— Exercise requirements —
A complete response lists each line of the data below that includes the word "Maisons".

— Available data —
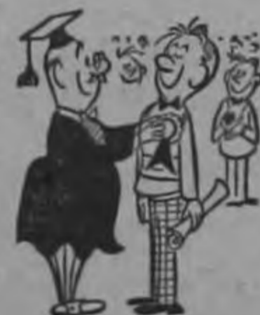
Mas tomó el grato Neuro Fosfato, * y en cada examen salió premiado.
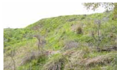
東中学校南側の斜面

況になっても土地所有者から契約を終了する旨の申し出等を行っていない経緯も見られるため、市顧問弁護士に相談した。契約は有効性があるという見解だった。土地所有者の方がこれ以上の土砂の搬入を望まないのであれば、早急に契約を終了させることも手段の一つと考えている。
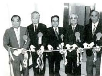
エレベーターのテープカットを行う甲斐田市長ら（4/12）

助成額 年にガソリン券10枚を支給します。 ※利用者は、これまでの福祉タクシー助成制度との重複申請はできません。申し込み・問い合わせ 福祉課福祉係
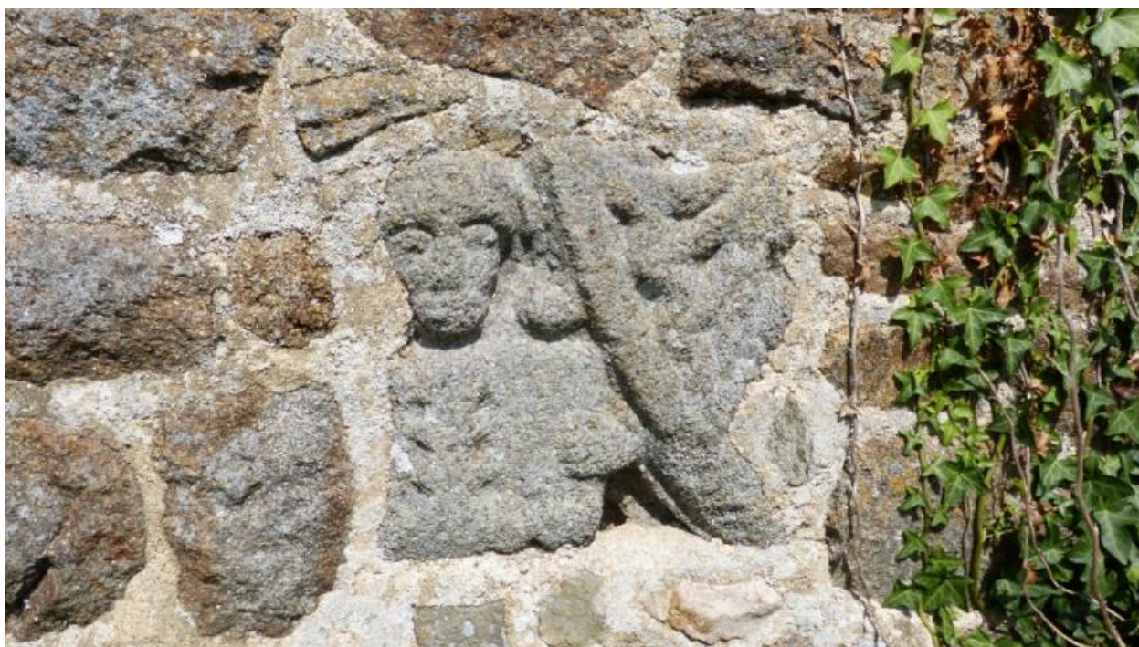
Détails sur la façade est
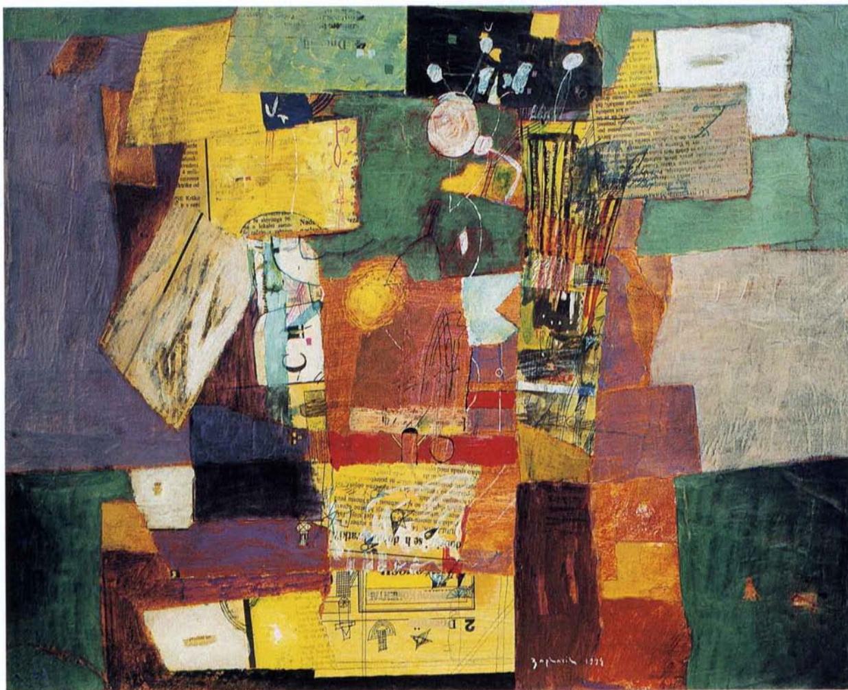
PRIMORSKA VAS , akril na platno, 40x50 cm, 1994
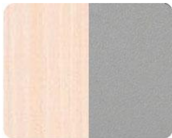
Береза полярная/ пепел
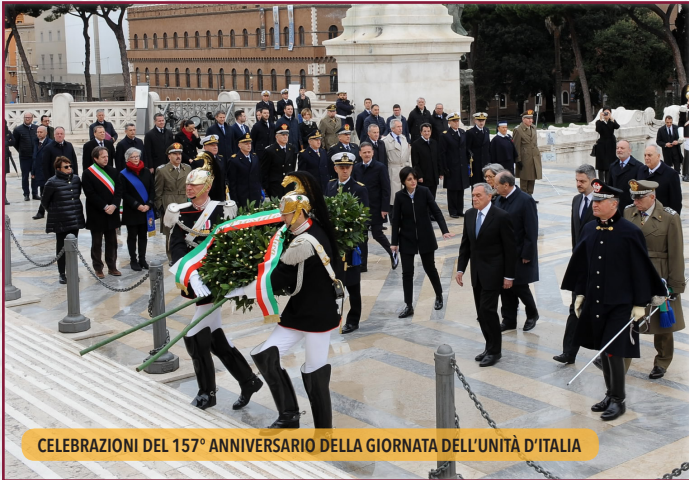
CELEBRAZIONI DEL 157° ANNIVERSARIO DELLA GIORNATA DELL'UNITÀ D'ITALIA
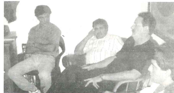
Delegados gráficos con dirigentes cubanos

* La Capacitación Profesional fué la base de acuerdo con el dirigente de Galicia, quien se dispuso a trasladarnos a la brevedad una propuesta.
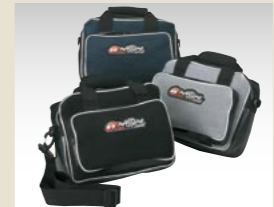
NISSIN SPORTS イージーバッグ

前面にNISSINロゴ、背面にNISSIN SPORTSロゴ入り。 税込価格 5,040円 (本体価格 4,800円) ●サイズ：フリー-XL ●中わた：ポリエステル100%
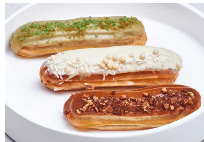
Эклер фисташка / пломбир / солёная карамель 55 г | 260 ₺
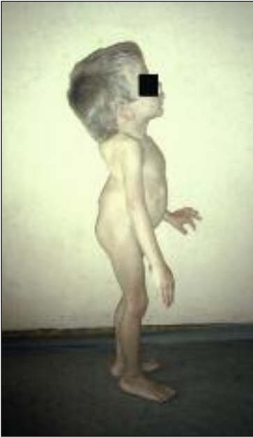
Slika 7. Otrok z mukopolisaharidozo. Poleg nizke rasti je očitna deformacija hrbtenice in prisnega koša.

razgradnji in sintezi glikogena. Znanih je devet vrst bolezni, ki se klinično razlikujejo in so povezane s prekomernim kopičenjem glikogena v jetrih, mišicah in vseh telesnih strukturah. Rast je izrazito znižana pri tipu 1, ki nastane zaradi pomanjkanja encima glukoze-6-fosfataze, tipu 4 zaradi pomanjkanja encima amilo-1,4-1,6-transglukozidaze in tipu 9, pri katerem manjka encim fosforil-beta-kinaza (20).
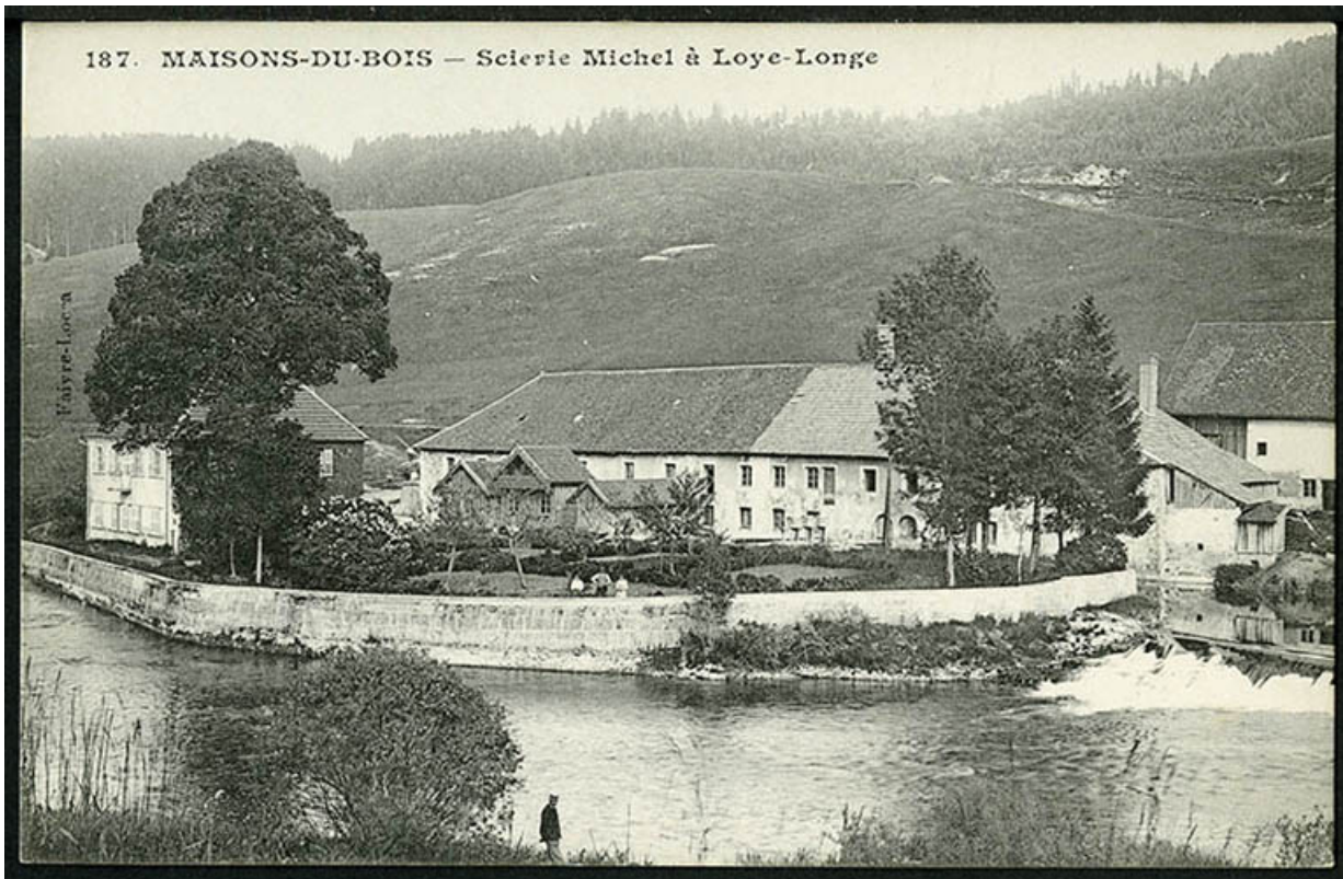
Maisons-du-Bois - Scierie Michel à Loye-Longe, carte postale, s.d. [fin 19e ou début 20e siècle].

25, Maisons-du-Bois-Lièvremont, lieudit : l' Oye Longe
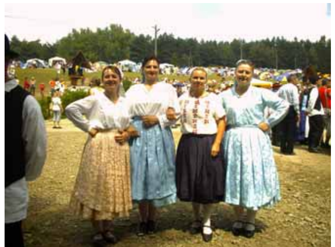
За памятку зоз Ждині
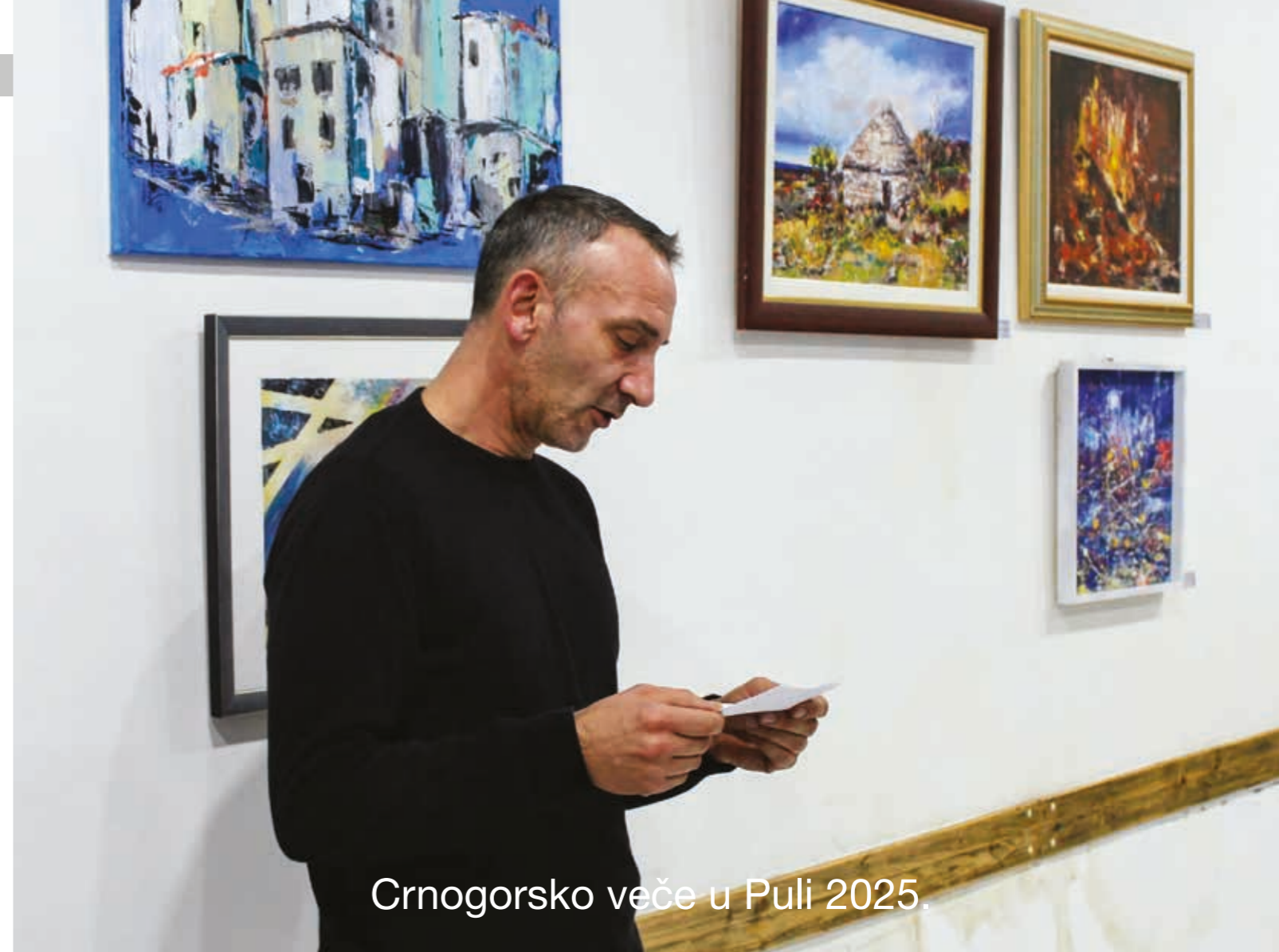
Crnogorsko veče u Puli 2025.

— Exercise response —
Maisons-du-Bois - Scierie Michel à Loye-Longe, carte postale, s.d. [fin 19e ou début 20e siècle].
25, Maisons-du-Bois-Lièvremont, lieudit : l' Oye Longe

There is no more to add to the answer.